Art exhibition honors Greiner Award recipients

Greiner Art Gallery plaque

An exhibition featuring award-winning student and faculty artwork spanning more than 50 years will be on display Oct. 13-29 in Hanover College’s Lynn Center for Fine Arts.

Callie Wilder ’23 with her Greiner Award-winning mixed-media creation “In Life”

“Legacy” highlights more than 30 pieces from Hanover’s Greiner Collection, which includes winners of the College’s annual Greiner Art Purchase Award. The retrospective features award-winning pieces ranging from former faculty member John Whitlock’s 1969 painting, “Landscape,” to the 2023 mixed-media creation, “In Life,” by recent graduate Callie Wilder.

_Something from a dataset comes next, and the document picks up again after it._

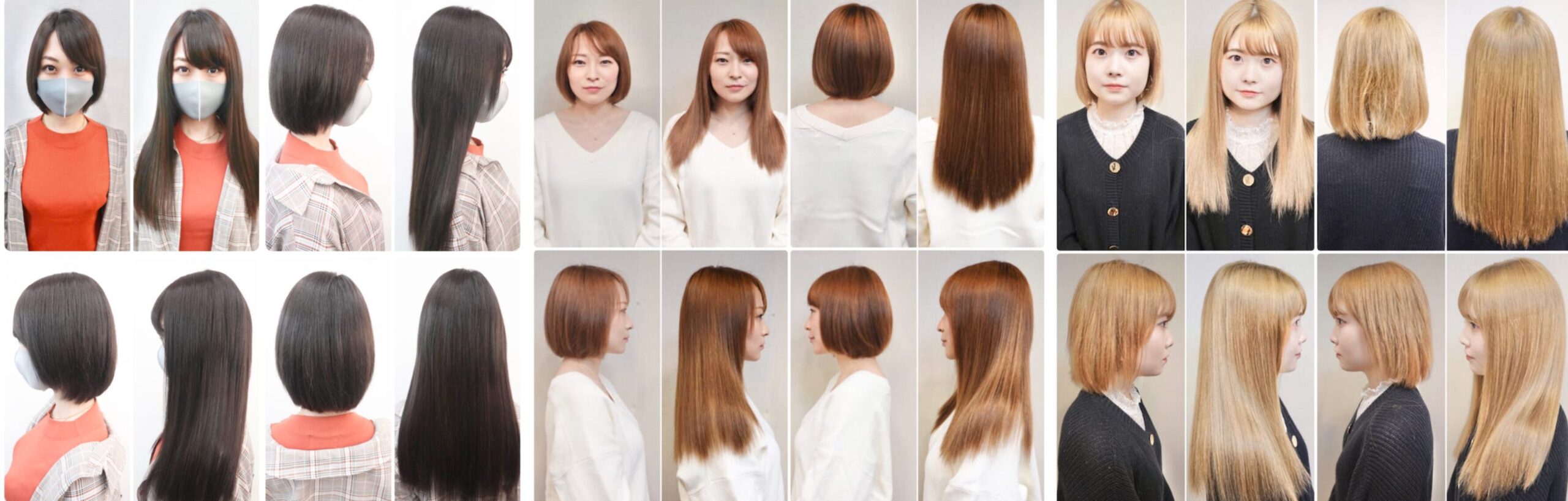 ショートからロング、ボブからロングなどの「長さ出し」はもちろん、ボリュームアップ、インナーカラー、メッシュ、増毛など幅広い技術を習得できます。
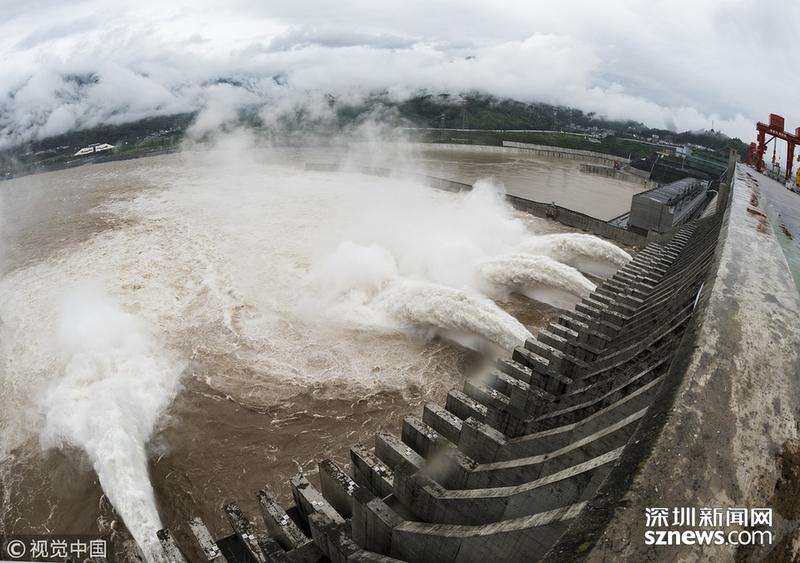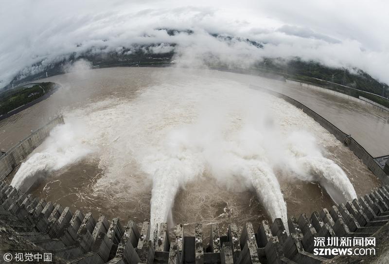 2018年7月5日,湖北宜昌,江水通过三峡大坝泄洪深孔下泄。

The exhibition also includes works in such media as ceramics, clay, foam, glass, metals, paper, plaster, wood and more.

Presented by the Hanover College Art and Design Department, “Legacy” is being curated by students in “Contemporary Art Practices,” a fall-term course taught by instructor Matthew Gaddie. The class, which includes 10 first-year students, is responsible for implementation of all aspects of the exhibition, including selection of pieces, design of visual presentation, construction of displays and lighting.

“Legacy” will debut at 4 p.m., Saturday, Oct. 14, during a special Homecoming event in the Greiner Art Gallery. The exhibition will be open to the public daily from 9 a.m.-4 p.m. through Sunday, Oct. 29. Admission is free.

The Greiner Art Purchase Award is named for Mary Louise Greiner, an artist and art enthusiast from Madison, Ind. The honor was first presented in 1969 and continues to be given each spring to the Hanover student with the most outstanding artwork created during the academic year.

In addition to Greiner’s support of student artwork, she also donated a varied compilation of pieces from her personal collection to the College in the 1960s. The anthology was presented to Hanover in memory of her parents, Walter and Jean Graham Greiner, and was first displayed in the J. Graham Brown Campus Center in 1968.

The original gift of artwork was highlighted by creations from British artists Barbara Hepworth and Henry Moore. The contribution also included etchings, lithographs, linocuts, aquatints and woodcuts by such artists as Joan Miro, Pablo Picasso, Georges Rouault, Gustave Singier, Jean Arp, Marino Marini and Serge Poliakoff.

Greiner, who earned a degree in fine art from the Art Academy of Cincinnati, died April 10, 2010. She was 91 years old.